### YOUR TASK
An exact copy of the data is required; the images should not appear in it.

Records from a data source:
*** Block opens ***

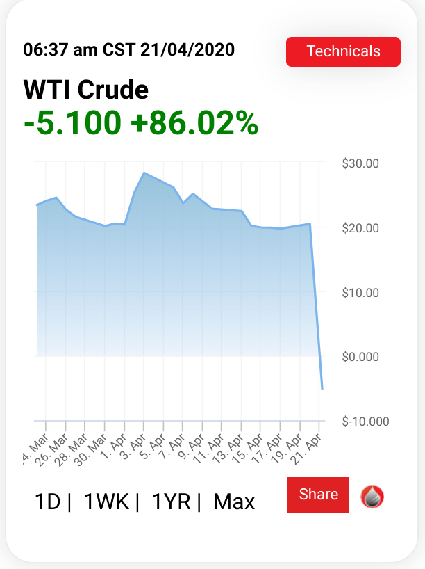 As you might expect, the reduction in travel and office use has upended the energy segment. This Twitter thread records Texas crude dropping from US$8 to less than $US2 per barrel.
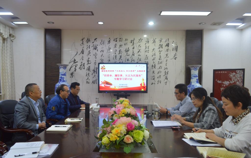 10月16日上午,1946伟德国际源自英国(国际交流中心)在院会议室E105开展开展“不忘初心、牢记使命”主题教育——“担使命、履职责,矢志为民服务”第一次专题学习研讨。会议由党总支书记苏哲民主持,全体教工党员参加,学校督导七组副组长胡爱卿到会指导。
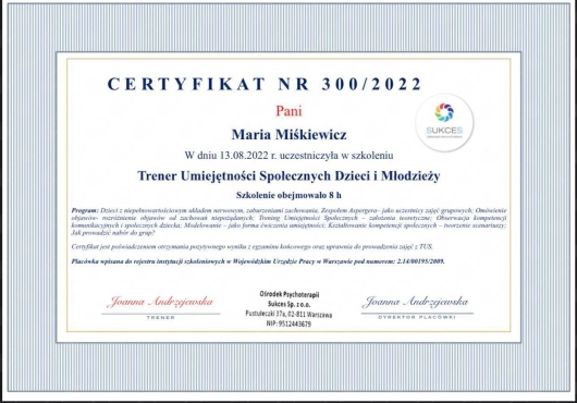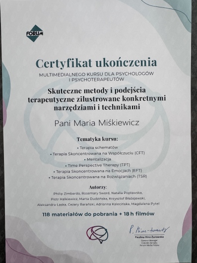 Maria jest niesamowicie otwarta i pełna empatii. Za nami 11 miesięcy wspólnej pracy. Jestem niesamowicie zadowolona z efektów. Nie spodziewałam się tak dużych efektów, ale muszę powiedzieć; że to duże szczęście trafić na tak profesjonalną osobę
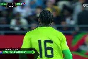 此役兩隊在常規(guī)時間120分鐘內(nèi)打成1-1平,民主剛果專門換門將迎接點(diǎn)球大戰(zhàn),法尤魯替補(bǔ)登場。
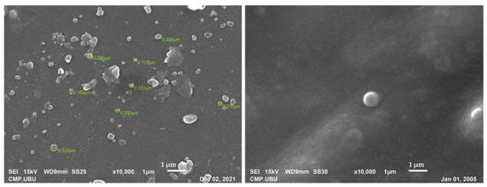 The prepared niosomes were visualized by SEM (Figure 4). It was found that niosomes have a uniform spherical morphology with a smooth surface. The particle size of the niosomes was in the range of 170–320 nm.
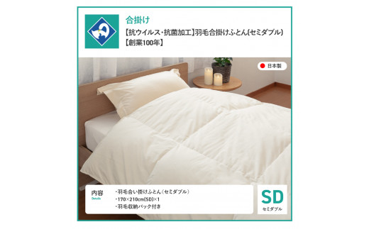【抗ウイルス・抗菌加工】羽毛合掛けふとん(シングル)【創業100…

*** Block closes ***

### RESPONSE BOX
 As you might expect, the reduction in travel and office use has upended the energy segment. This Twitter thread records Texas crude dropping from US$8 to less than $US2 per barrel.
 10月16日上午,1946伟德国际源自英国(国际交流中心)在院会议室E105开展开展“不忘初心、牢记使命”主题教育——“担使命、履职责,矢志为民服务”第一次专题学习研讨。会议由党总支书记苏哲民主持,全体教工党员参加,学校督导七组副组长胡爱卿到会指导。
 Maria jest niesamowicie otwarta i pełna empatii. Za nami 11 miesięcy wspólnej pracy. Jestem niesamowicie zadowolona z efektów. Nie spodziewałam się tak dużych efektów, ale muszę powiedzieć; że to duże szczęście trafić na tak profesjonalną osobę
 此役兩隊在常規(guī)時間120分鐘內(nèi)打成1-1平,民主剛果專門換門將迎接點(diǎn)球大戰(zhàn),法尤魯替補(bǔ)登場。
 The prepared niosomes were visualized by SEM (Figure 4). It was found that niosomes have a uniform spherical morphology with a smooth surface. The particle size of the niosomes was in the range of 170–320 nm.
【抗ウイルス・抗菌加工】羽毛合掛けふとん(シングル)【創業100…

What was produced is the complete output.